The Arctic is losing sea ice at an alarming rate. Less ice means more open water, which means more gas and aerosol emissions from the ocean, warming the atmosphere and making it cloudier.

Aerosol Spray
Su Korkmaz/pexels.com

Aerosol Observation

When University of Michigan aerosol scientist Kerri Pratt's group collected aerosols from the Arctic atmosphere in the summer of 2015, Rachel Kirpes, a doctorate student, noticed something unusual: aerosolized ammonium sulfate particles didn't seem like ordinary liquid aerosols.

Kirpes discovered that ammonium sulfate particles, which should have been liquid, were solid while working with fellow aerosol scientist Andrew Ault. The team's findings were reported in Proceedings of the National Academy of Sciences.

Solid Aerosols

Solid aerosols have the potential to alter cloud formation in the Arctic. Researchers anticipate seeing more of these unusual particles created from marine emissions coupled with ammonia from birds as the Arctic loses ice, influencing cloud formation and climate. Understanding the features of aerosols in the atmosphere is also crucial for improving climate models' capacity to predict the present and future climate in the Arctic and beyond.

"Because the Arctic is warming faster than anyplace else on the planet, these particles may become more relevant as we have more emissions from open water in the atmosphere," said Pratt, an associate professor of chemistry and earth and environmental sciences. "These kinds of observations are essential since there are so few of them that we can even test the correctness of Arctic atmospheric models."

When you make measurements with few observations, you might get surprises like this. These particles didn't like anything we'd seen before in the literature, the Arctic, or anyplace else on the planet.

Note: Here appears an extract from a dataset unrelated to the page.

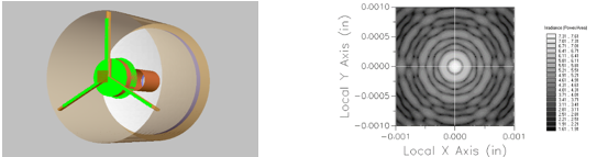 FRED能夠模擬計算孔徑、擋板和葉片等產生的衍射效應和對光機系統的影響,使得對于光機系統的模擬更接近現實。下圖是Cassegrain 望遠鏡的第二主鏡和支持結構等形成的衍射效應的分析
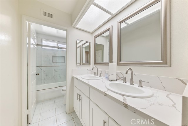 Come and see this stunning five-bedroom, three-bathroom home offering over 2,700 square feet of beautifully updated living space. Perfectly designed for comfort and functionality, this home is truly move-in ready and ideal for today's modern lifestyle. Step inside to a bright and spacious layout featuring a renovated kitchen complete with newer stainless steel Samsung appliances, new cabinetry, and elegant Quartz countertops. Two of the three bathrooms have been completely remodeled, showcasing modern fixtures, stylish vanities, and matching Quartz finishes for a cohesive designer look. The thoughtfully designed floor plan includes one bedroom and a full bath downstairs — perfect for guests, a home office, or private workspace. The spacious living room opens to a formal dining area, while the cozy family room — complete with a beautiful fireplace — flows seamlessly into the sunny kitchen with a built in Island. Upstairs, the oversized primary suite features a walk-in closet and a luxurious private bath with a separate tub and shower. As if that weren't enough, energy efficiency and comfort abound with newer dual-paned windows with custom shutters, a 2-year-old HVAC system, and a 3-year-old water heater. The home also features an upgraded electrical panel, a newer roof for added peace of mind. Thousands have been spent to prepare this home for its new owners. With its blend of modern upgrades, generous space, and a warm, inviting feel, this property truly stands out as a must-see.

The aerosols measured up to 400 nanometers in diameter, nearly 300 times smaller than the diameter of a human hair. According to Ault, an assistant professor of chemistry, aerosols in the Arctic are often thought to be liquid.

Turning Liquid

Smoke and Aerosols over South America (image)
Fires in South America generated smoke that continues to create a long plume east into the Atlantic Ocean. Fires over western Brazil were generating aerosols at a level 2.0 on the index. Higher aerosol concentrations, as high as 4.0 were seen off the southeastern coast of Brazil as a result of the fires in the region. Credit: NASA/NOAA, Colin Seftor

The particle turns liquid when the relative humidity of the atmosphere hits 80%, which is roughly the level of a humid day. When you dry the aerosol out again, it takes around 35 to 40 percent relative humidity to transform it into a solid. Researchers anticipate finding liquid aerosols since the air above the Arctic Ocean - or any ocean - is humid.

However, they discovered relatively novel phenomena in which a tiny particle collides with our droplets when the humidity is below 80 percent but above 40 percent. Ault said that this essentially offers a surface for the aerosol to solidify and become solid at a greater relative humidity than predicted.

These particles resembled marbles rather than droplets. That's critical, especially in a place where there haven't been many observations, since those particles might wind up functioning as cloud seeds or causing reactions to occur on them.

Characteristics

According to the study, the size, content, and phase of atmospheric aerosols also affect climate change through water absorption and cloud formation.

"It is our responsibility to continue to assist modelers in refining their models," Ault stated. "It's not that the models are incorrect; they just require additional data as events on the ground change, and what we witnessed was entirely unexpected."

In August-September 2015, Pratt's team collected aerosols in Utqia?

Utqiagvik

Utqiagvikis Alaska's farthest northerly point. To achieve so, they employed a multistage impactor, which is a device with numerous stages that gather particles based on their size. Kirpes used microscopy and spectroscopic techniques to evaluate the composition and phase of particles smaller than 100 nanometers in size in Ault's lab.

"We wouldn't be detecting these particles if we went back many decades when there was ice along the beach, even in August and September," Pratt said. "We're observing the implications of this climate already changing." They need to replicate reality in models that represent clouds and the atmosphere, which are crucial for understanding the energy balance of the Arctic atmosphere, which is changing at a quicker rate than anyplace else.